- [Work request] Return every entry below exactly as written, minus the pictures.

- [Provided records]
============
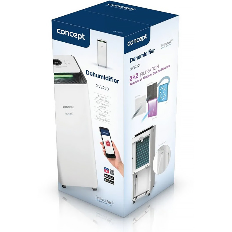 Maximálna kapacita odvlhčovania: 20 l/deň (30°C 80% RH)
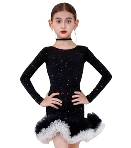 OTMYIGO Girls Long Sleeves Latin Dancing Dress Kids Ballroom Tango Salsa Dance wear Clothing Competition Outfit,Black,120
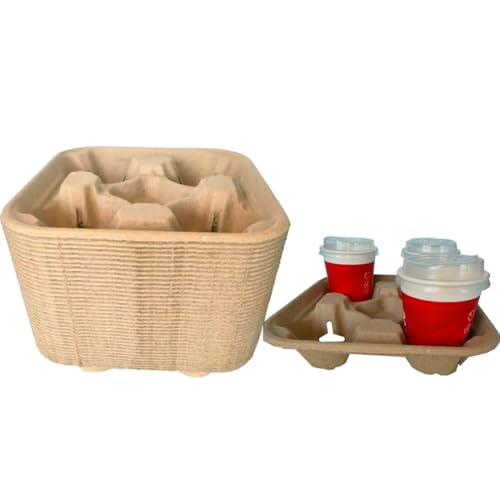 Disposable 4 Cup Drink Carrier Trays, Biodegradable Pulp Fiber Coffee Carry Tray, Compostable No Spill Drink Cup Holder for Hot Cold Beverages, Car, Food Delivery, Restaurants and Cafes Shop (36 Pack)
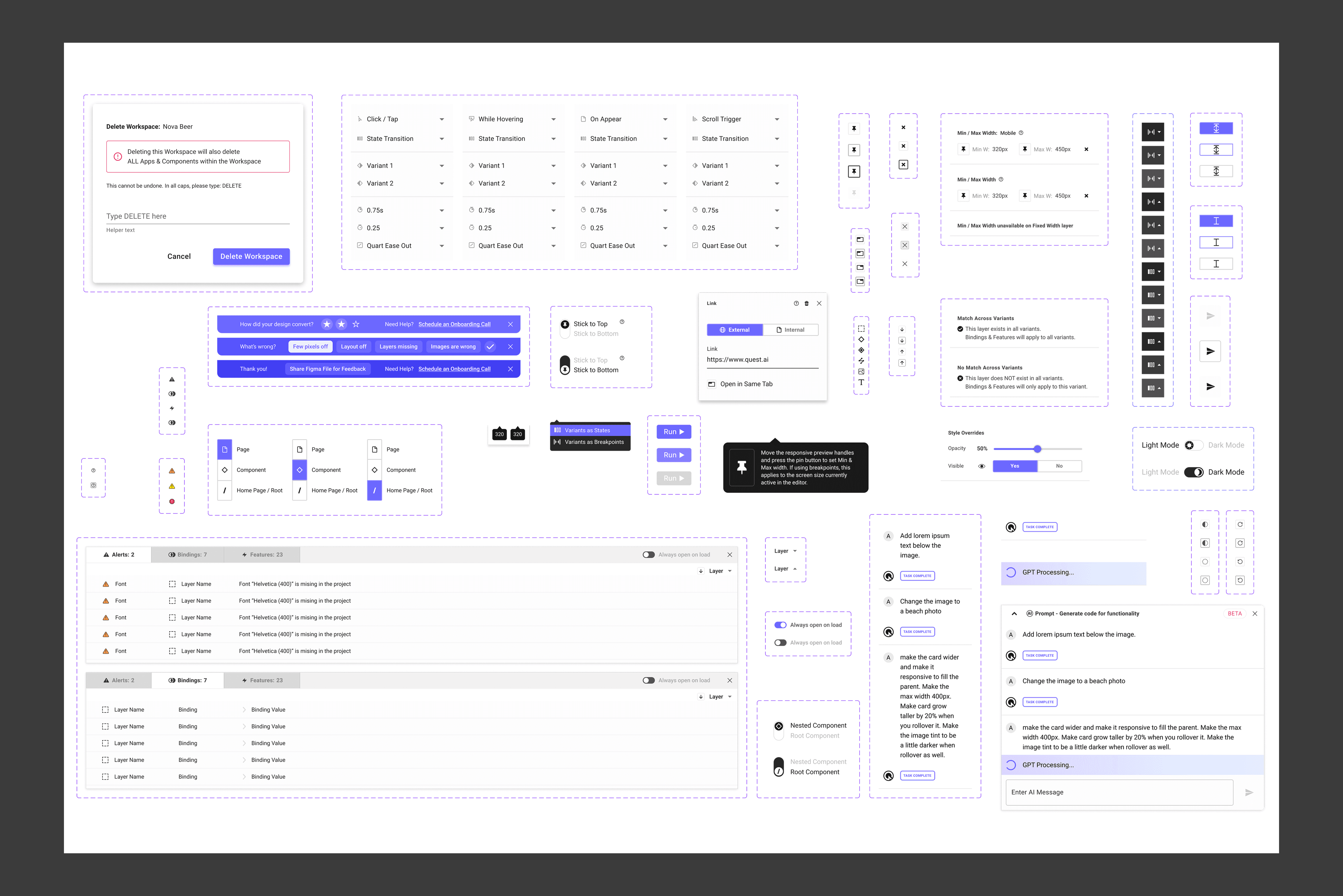 Components for the Quest web app made in Figma with auto-layout and variants for different states.
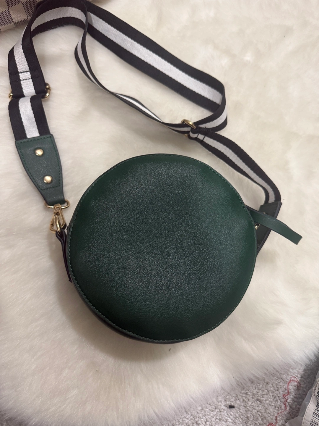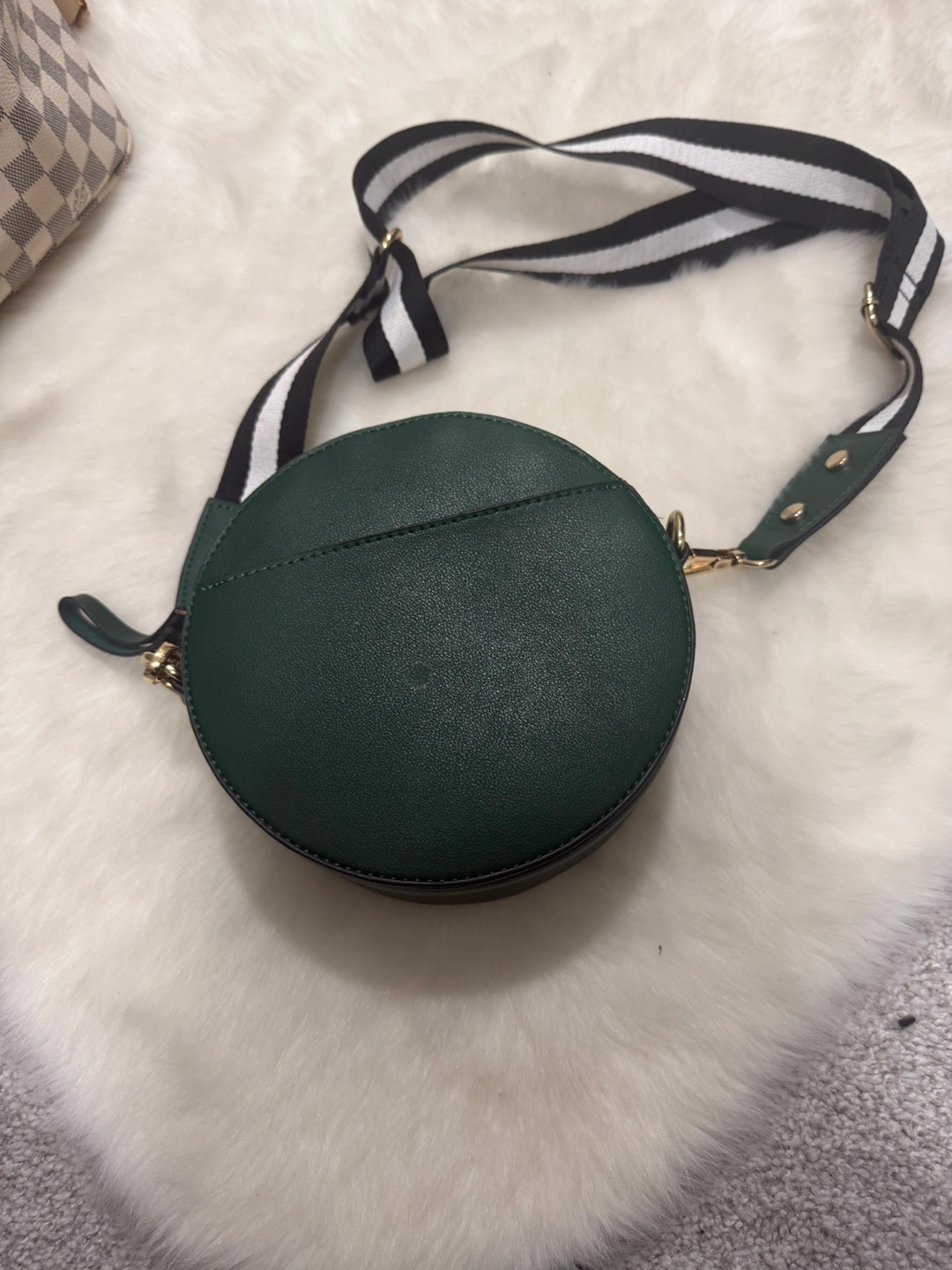 Cute dark green crossbody bag. Round shape. Features a black and white striped adjustable strap. Gold-toned hardware. Zipper closure.
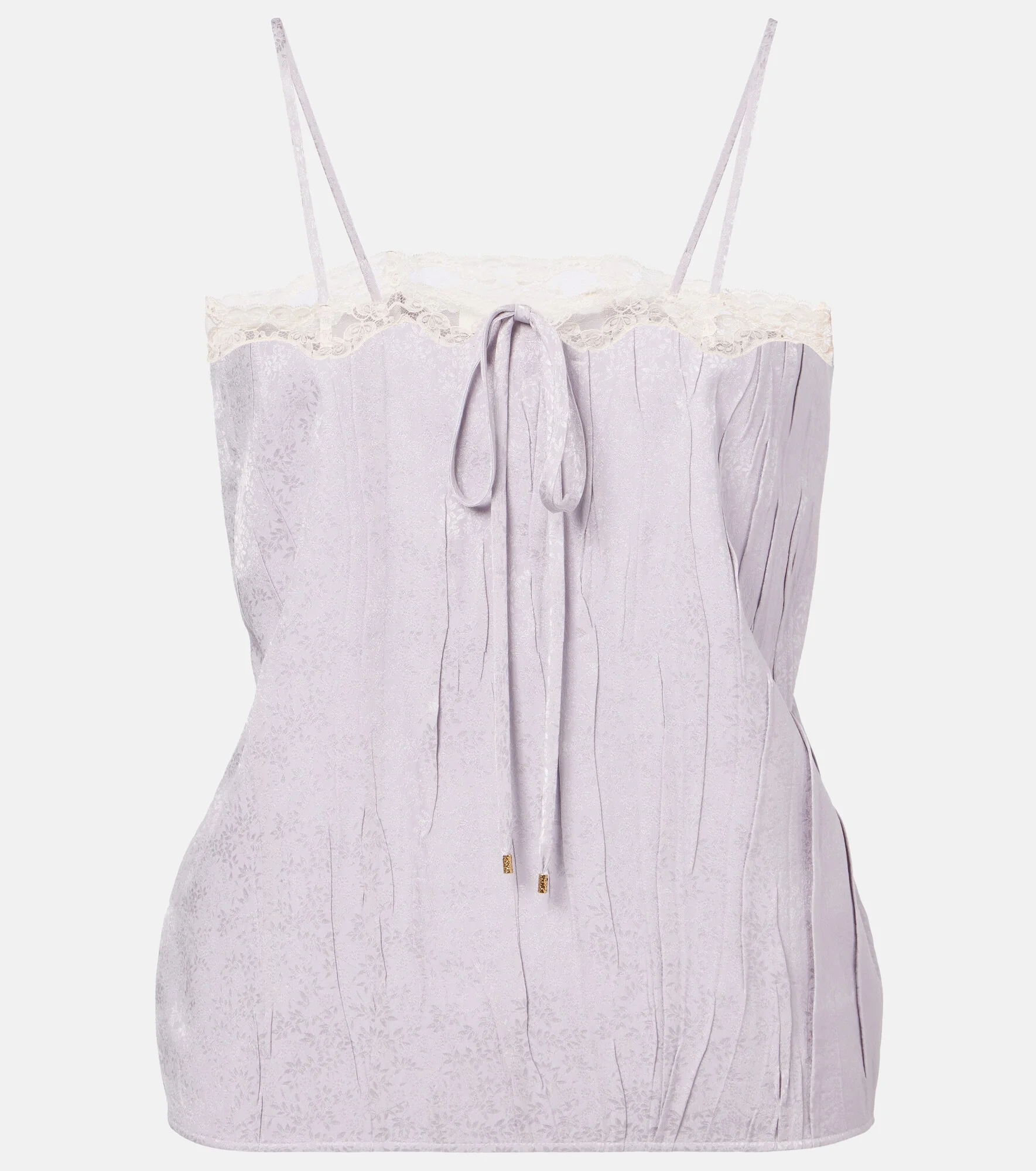 Lace-trimmed silk top
============
- [Response]
 Maximálna kapacita odvlhčovania: 20 l/deň (30°C 80% RH)
 OTMYIGO Girls Long Sleeves Latin Dancing Dress Kids Ballroom Tango Salsa Dance wear Clothing Competition Outfit,Black,120
 Disposable 4 Cup Drink Carrier Trays, Biodegradable Pulp Fiber Coffee Carry Tray, Compostable No Spill Drink Cup Holder for Hot Cold Beverages, Car, Food Delivery, Restaurants and Cafes Shop (36 Pack)
 Components for the Quest web app made in Figma with auto-layout and variants for different states.
 Cute dark green crossbody bag. Round shape. Features a black and white striped adjustable strap. Gold-toned hardware. Zipper closure.
 Lace-trimmed silk top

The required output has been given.